### Input data ###
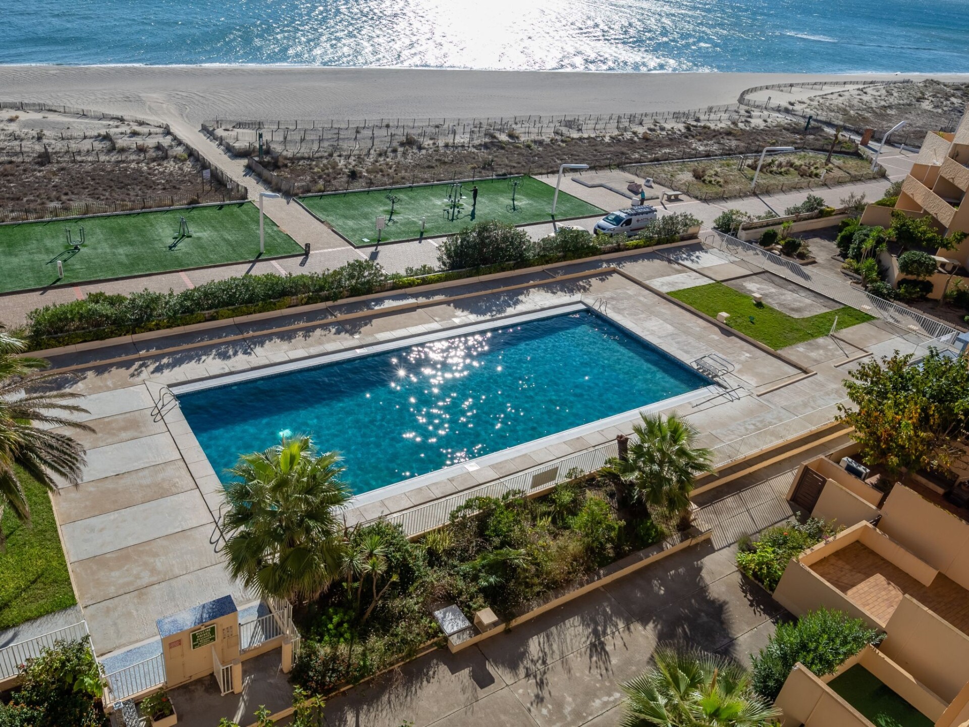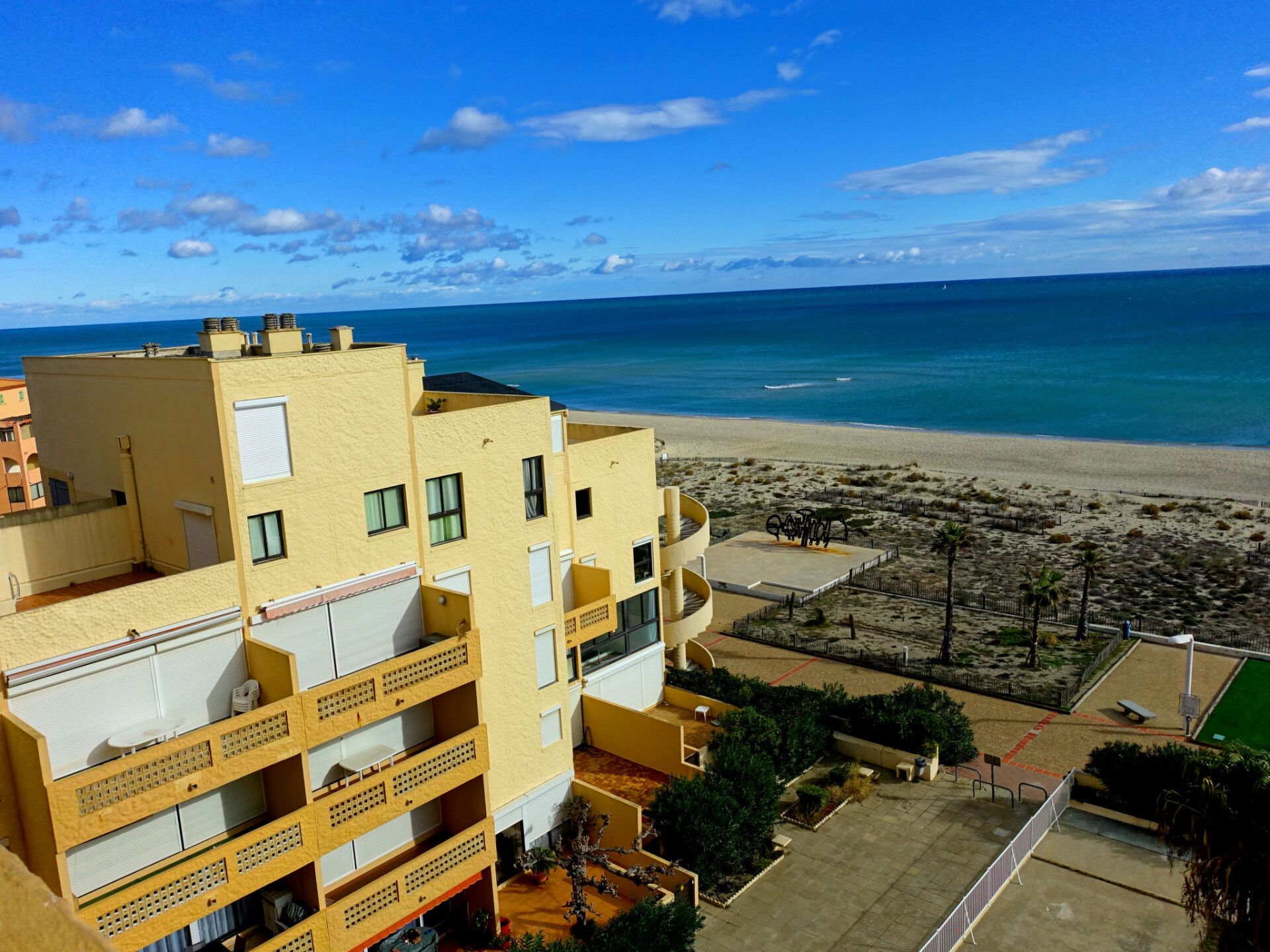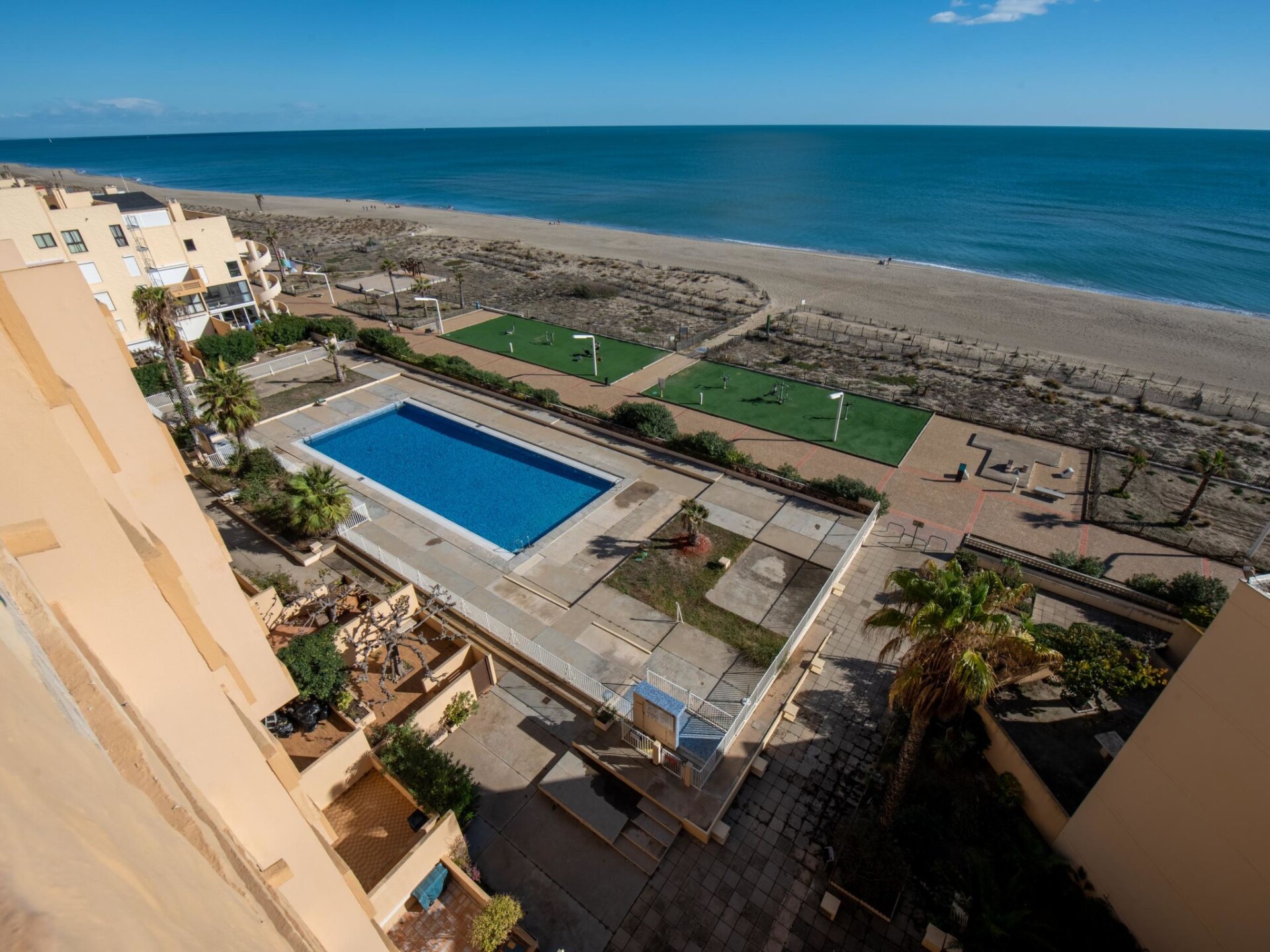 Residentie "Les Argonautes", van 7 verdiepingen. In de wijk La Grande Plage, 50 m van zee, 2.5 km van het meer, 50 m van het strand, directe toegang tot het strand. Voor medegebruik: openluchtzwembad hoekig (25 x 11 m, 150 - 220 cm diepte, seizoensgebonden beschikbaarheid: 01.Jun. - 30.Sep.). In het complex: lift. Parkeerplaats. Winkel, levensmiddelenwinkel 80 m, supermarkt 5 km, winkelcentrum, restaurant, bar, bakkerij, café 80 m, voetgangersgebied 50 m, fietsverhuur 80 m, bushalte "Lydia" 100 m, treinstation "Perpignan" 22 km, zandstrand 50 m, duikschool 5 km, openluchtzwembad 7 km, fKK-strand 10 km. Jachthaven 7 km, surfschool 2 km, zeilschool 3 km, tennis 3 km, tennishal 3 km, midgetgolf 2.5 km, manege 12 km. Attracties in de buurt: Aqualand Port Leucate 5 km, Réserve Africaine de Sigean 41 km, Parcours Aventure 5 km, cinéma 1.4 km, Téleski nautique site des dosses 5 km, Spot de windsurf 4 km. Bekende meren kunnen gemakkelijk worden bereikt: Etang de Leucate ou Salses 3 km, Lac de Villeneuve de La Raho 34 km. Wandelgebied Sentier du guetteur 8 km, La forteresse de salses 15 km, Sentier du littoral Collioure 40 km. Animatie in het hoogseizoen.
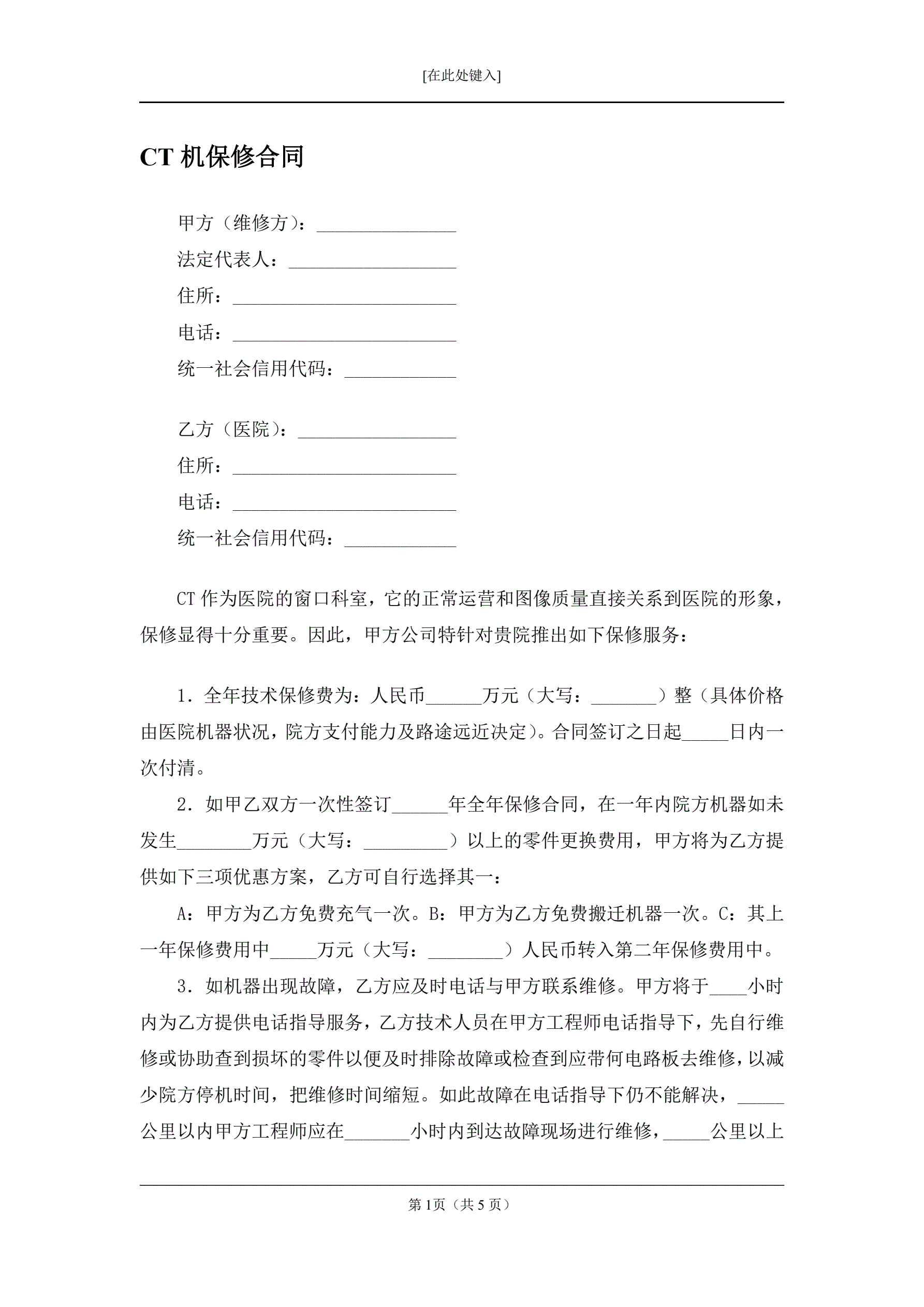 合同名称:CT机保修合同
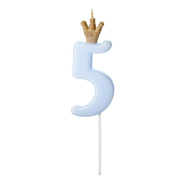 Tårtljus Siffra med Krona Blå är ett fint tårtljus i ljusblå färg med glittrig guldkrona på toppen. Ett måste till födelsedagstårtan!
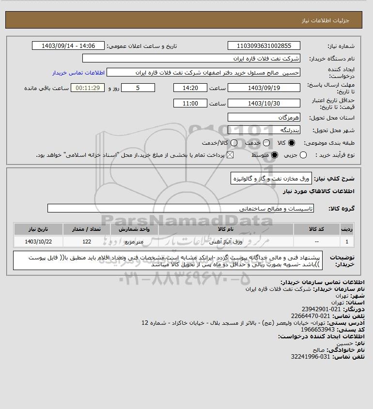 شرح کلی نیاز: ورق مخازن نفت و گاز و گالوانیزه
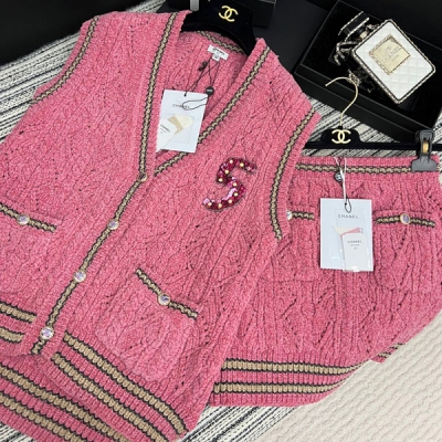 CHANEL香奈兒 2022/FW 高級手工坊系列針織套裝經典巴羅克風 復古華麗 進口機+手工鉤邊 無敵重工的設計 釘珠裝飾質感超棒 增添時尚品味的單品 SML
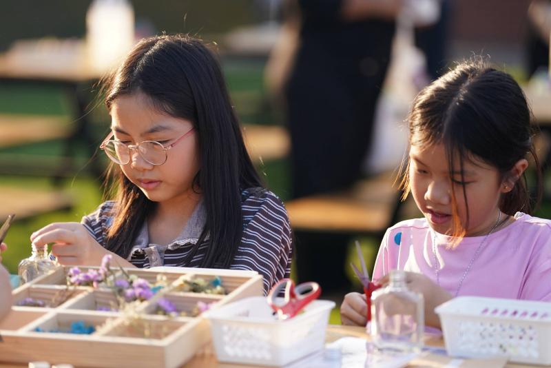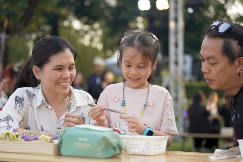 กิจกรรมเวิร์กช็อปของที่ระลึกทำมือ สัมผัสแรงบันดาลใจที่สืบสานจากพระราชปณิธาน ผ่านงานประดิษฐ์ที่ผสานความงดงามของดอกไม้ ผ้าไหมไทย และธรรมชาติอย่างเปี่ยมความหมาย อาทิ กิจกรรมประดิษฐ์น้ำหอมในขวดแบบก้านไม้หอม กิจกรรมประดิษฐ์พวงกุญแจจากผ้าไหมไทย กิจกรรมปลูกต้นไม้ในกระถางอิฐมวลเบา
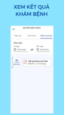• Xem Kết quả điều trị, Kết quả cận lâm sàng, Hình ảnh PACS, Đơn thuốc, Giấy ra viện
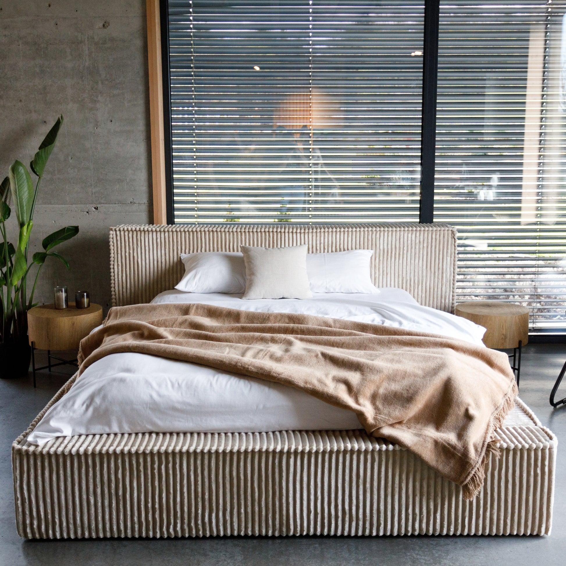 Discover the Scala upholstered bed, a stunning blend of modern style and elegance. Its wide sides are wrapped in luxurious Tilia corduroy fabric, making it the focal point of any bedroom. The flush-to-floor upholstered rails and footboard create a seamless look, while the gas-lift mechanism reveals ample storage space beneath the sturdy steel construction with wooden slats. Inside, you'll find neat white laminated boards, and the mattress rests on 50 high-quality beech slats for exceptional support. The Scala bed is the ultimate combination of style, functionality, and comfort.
###
== Directions ==
Only the pictures are to be omitted; restate everything else above exactly.

== Your response ==
 Residentie "Les Argonautes", van 7 verdiepingen. In de wijk La Grande Plage, 50 m van zee, 2.5 km van het meer, 50 m van het strand, directe toegang tot het strand. Voor medegebruik: openluchtzwembad hoekig (25 x 11 m, 150 - 220 cm diepte, seizoensgebonden beschikbaarheid: 01.Jun. - 30.Sep.). In het complex: lift. Parkeerplaats. Winkel, levensmiddelenwinkel 80 m, supermarkt 5 km, winkelcentrum, restaurant, bar, bakkerij, café 80 m, voetgangersgebied 50 m, fietsverhuur 80 m, bushalte "Lydia" 100 m, treinstation "Perpignan" 22 km, zandstrand 50 m, duikschool 5 km, openluchtzwembad 7 km, fKK-strand 10 km. Jachthaven 7 km, surfschool 2 km, zeilschool 3 km, tennis 3 km, tennishal 3 km, midgetgolf 2.5 km, manege 12 km. Attracties in de buurt: Aqualand Port Leucate 5 km, Réserve Africaine de Sigean 41 km, Parcours Aventure 5 km, cinéma 1.4 km, Téleski nautique site des dosses 5 km, Spot de windsurf 4 km. Bekende meren kunnen gemakkelijk worden bereikt: Etang de Leucate ou Salses 3 km, Lac de Villeneuve de La Raho 34 km. Wandelgebied Sentier du guetteur 8 km, La forteresse de salses 15 km, Sentier du littoral Collioure 40 km. Animatie in het hoogseizoen.
 合同名称:CT机保修合同
 Tårtljus Siffra med Krona Blå är ett fint tårtljus i ljusblå färg med glittrig guldkrona på toppen. Ett måste till födelsedagstårtan!
 شرح کلی نیاز: ورق مخازن نفت و گاز و گالوانیزه
 CHANEL香奈兒 2022/FW 高級手工坊系列針織套裝經典巴羅克風 復古華麗 進口機+手工鉤邊 無敵重工的設計 釘珠裝飾質感超棒 增添時尚品味的單品 SML
 กิจกรรมเวิร์กช็อปของที่ระลึกทำมือ สัมผัสแรงบันดาลใจที่สืบสานจากพระราชปณิธาน ผ่านงานประดิษฐ์ที่ผสานความงดงามของดอกไม้ ผ้าไหมไทย และธรรมชาติอย่างเปี่ยมความหมาย อาทิ กิจกรรมประดิษฐ์น้ำหอมในขวดแบบก้านไม้หอม กิจกรรมประดิษฐ์พวงกุญแจจากผ้าไหมไทย กิจกรรมปลูกต้นไม้ในกระถางอิฐมวลเบา
• Xem Kết quả điều trị, Kết quả cận lâm sàng, Hình ảnh PACS, Đơn thuốc, Giấy ra viện
 Discover the Scala upholstered bed, a stunning blend of modern style and elegance. Its wide sides are wrapped in luxurious Tilia corduroy fabric, making it the focal point of any bedroom. The flush-to-floor upholstered rails and footboard create a seamless look, while the gas-lift mechanism reveals ample storage space beneath the sturdy steel construction with wooden slats. Inside, you'll find neat white laminated boards, and the mattress rests on 50 high-quality beech slats for exceptional support. The Scala bed is the ultimate combination of style, functionality, and comfort.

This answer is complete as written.